Her home on the hilltop on Prescott Avenue was featured in the Christmas issue of Traditional Homes in 1997. “Irish Enchantment” was the title as it featured her collection of Irish antiques and paintings and rooms painted a soft Farrow and Ball pink, a dramatic red dining room and green stippled library. She loved to entertain and her partied were legendary.
She loved to travel and fondly remembered a trip to the South of France in 1956 with her sister and childhood friend. She loved Bermuda and St. Croix. On a trip to Ireland in the late 1990’s she climbed the remote Skellig Island - 700 steps to see the monk’s beehive huts. She went to Bermuda for the last time for her 80th birthday to the Coral Beach Club, a favorite.
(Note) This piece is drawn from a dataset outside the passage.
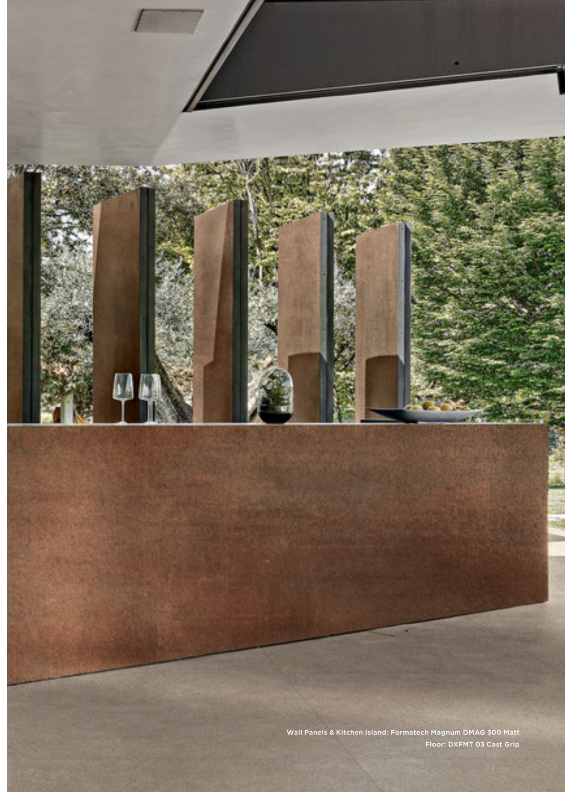
Wall Panels & Kitchen Island: Formatech Magnum DMAG 300 Matt Floor: DXFMT 03 Cast Grip

She returned to Ireland in 2000 and made her home The Gables, at Cappagh a home.
The garden at Cappagh, Co. Limerick was her love. She kept learning and watching trends in decorating and gardening. She had a keen eye for antiques and for paintings. Cappagh was a refuge of style and nature and when the sun filled its garden and conservatory it was the magical place of thoughtful inspiration.
All the children have been by her side to bid her farewell. As Father Wrenn said during an extraordinary mass he hosted at our home in Pallaskenry— life comes full circle and Agnes is returning to the kingdom of Kerry to rest with her father in Kilconly where the hill slopes down toward the Shannon. Father Wrenn told us that Puccini’s last opera was finished by his students and as he gave his talents to those students so Agnes gave her wisdom, style and humor to carry on to her husband and her children. She left us on a soft Sunday morning— when the window was opened to let out her soul, the sun dappled on the dew strewn grass and the birds sang her a peaceful tune for her journey.
She is survived by her husband, Kevin; children Deirdre, Maura, Beth & Kevin and sisters Nuala Cosgrove and Teresa Ryan.